*Data for analysis*.
-- Opening Marker --

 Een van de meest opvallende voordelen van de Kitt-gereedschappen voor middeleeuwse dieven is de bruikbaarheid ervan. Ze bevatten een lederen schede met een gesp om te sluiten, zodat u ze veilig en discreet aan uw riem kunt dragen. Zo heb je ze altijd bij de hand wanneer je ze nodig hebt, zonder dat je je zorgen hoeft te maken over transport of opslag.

-- Closing Marker --
-- Opening Marker --

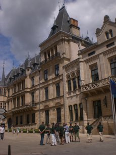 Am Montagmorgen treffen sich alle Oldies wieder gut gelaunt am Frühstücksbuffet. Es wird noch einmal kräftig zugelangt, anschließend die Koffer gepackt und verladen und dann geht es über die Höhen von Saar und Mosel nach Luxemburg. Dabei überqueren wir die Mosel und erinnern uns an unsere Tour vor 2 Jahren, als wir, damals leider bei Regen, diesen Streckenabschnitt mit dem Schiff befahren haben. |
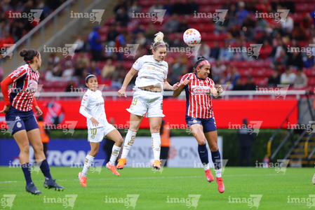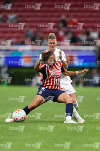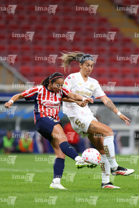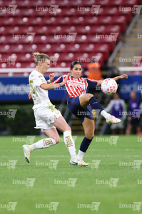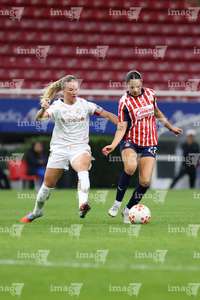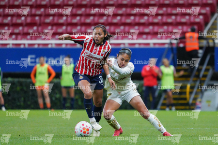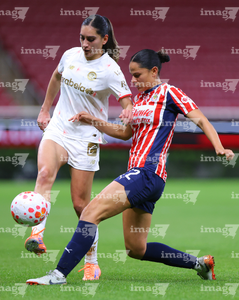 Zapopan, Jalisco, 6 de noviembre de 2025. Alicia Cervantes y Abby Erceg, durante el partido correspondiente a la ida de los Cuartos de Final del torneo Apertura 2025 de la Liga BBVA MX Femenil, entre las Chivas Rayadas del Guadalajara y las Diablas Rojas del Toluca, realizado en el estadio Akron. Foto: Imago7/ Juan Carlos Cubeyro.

-- Closing Marker --

*What you have to do*. Skipping the pictures, print the lines in the listing above exactly as written, starting at the line with "Am Montagmorgen treffen" and ending at the line with "Zapopan, Jalisco, 6", both included.

*Answer below*.
 Am Montagmorgen treffen sich alle Oldies wieder gut gelaunt am Frühstücksbuffet. Es wird noch einmal kräftig zugelangt, anschließend die Koffer gepackt und verladen und dann geht es über die Höhen von Saar und Mosel nach Luxemburg. Dabei überqueren wir die Mosel und erinnern uns an unsere Tour vor 2 Jahren, als wir, damals leider bei Regen, diesen Streckenabschnitt mit dem Schiff befahren haben. |
 Zapopan, Jalisco, 6 de noviembre de 2025. Alicia Cervantes y Abby Erceg, durante el partido correspondiente a la ida de los Cuartos de Final del torneo Apertura 2025 de la Liga BBVA MX Femenil, entre las Chivas Rayadas del Guadalajara y las Diablas Rojas del Toluca, realizado en el estadio Akron. Foto: Imago7/ Juan Carlos Cubeyro.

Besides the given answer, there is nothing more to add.